The opposing voices argue that only incidental cash, such as occasional credit balances in an account that otherwise is actively invested in securities, was intended to be covered. Lawyers maintaining this position still insist on “exclusive dominion and control” language to establish a security interest in cash.

This position also has significant merit. The official comments to the UCC state that, in determining whether an account is a “securities account,” what matters most is whether the institution maintaining the account has under-taken to treat the person for whom the account is maintained as entitled to exercise the rights that comprise the “financial assets” credited to the account. When one looks at these rights, they speak in terms of rights associated with holding securities, e.g., obtaining payments and distributions (section 8-505), exercising voting rights (section 8-506), and redeeming and transferring the underlying financial assets (section 8-507).

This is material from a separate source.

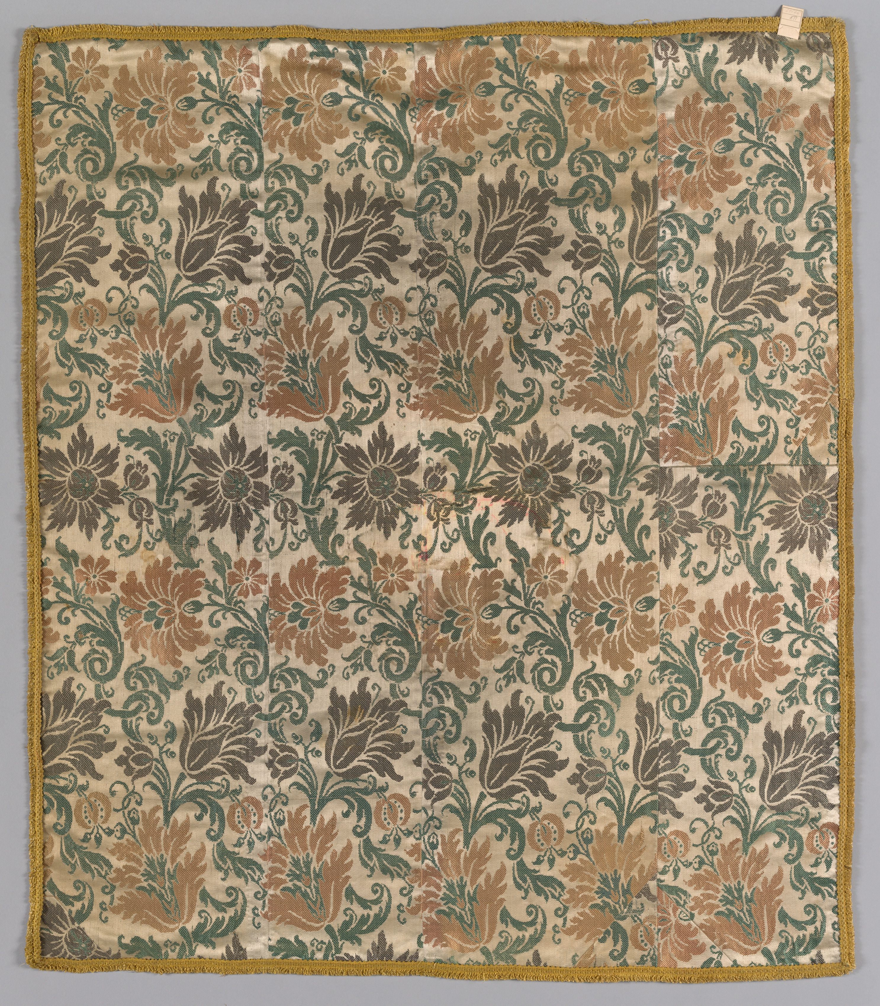 Silk textile by artist, rectangular shape with a yellow fringe border around the edges. The background of the textile is cream-colored. The textile features a repeating pattern of flowers and leaves in shades of brown, green, and tan. The flowers have multiple petals and are connected by curved stems and leaves. The pattern is densely woven, with little visible background. A small piece of tape is attached to the top-right corner.

These are not rights associated with holding cash. Furthermore, the definition of financial asset, although it does speak of “property,” was not intended to encompass cash. This strained construction also takes the official comment to section 9-115 out of context. The “credit balances” referred to are only incidental balances in an account otherwise actively invested in securities.

Investing in Time Deposits

The issue may be more important than it appears because, despite a broad array of governmental and corporate securities included in the typical definition of “permitted investments,” in practice many such accounts are invested only in time deposits. Time deposits often are treated under the UCC like a “deposit account” that is expressly excluded from coverage under Article 9 of the UCC in most states and cannot be a financial asset under Article 8. If time deposits are the equivalent of deposit accounts for purposes of Article 8, it may be that many of these accounts never get invested in any financial asset.

Covering All the Alternatives

How, then, should lenders perfect their security interest in these accounts and the underlying mixture of financial assets, cash and time deposits credited to the accounts? Probably the best approach is to cover all the alternatives. In the credit agreement (or in a separate securities account control agreement), the secured parties, the borrower and the securities intermediary would agree that the accounts will be treated as “securities accounts” under Article 8 and that cash and time deposits will be treated as financial assets for purposes of Article 8, but that, to the extent the accounts are not deemed to be securities accounts, or cash or time deposits therein are not deemed to be financial assets, the securities intermediary, as agent for the secured parties, shall have and will exercise exclusive dominion and control over them.

Proposed Article 9 Revisions Will Help

The effect of the distinction between “securities accounts” and “deposit accounts” will become less important after proposed revisions to UCC Article 9 are adopted, hopefully this year. Under the proposed revisions, it will be possible to perfect a security interest in deposit accounts under the UCC. This should eliminate the need to stretch to include cash collateral accounts as “securities accounts” under Article 8, while at the same time eliminating the need to rely on “exclusive dominion and control” concepts to establish security interests.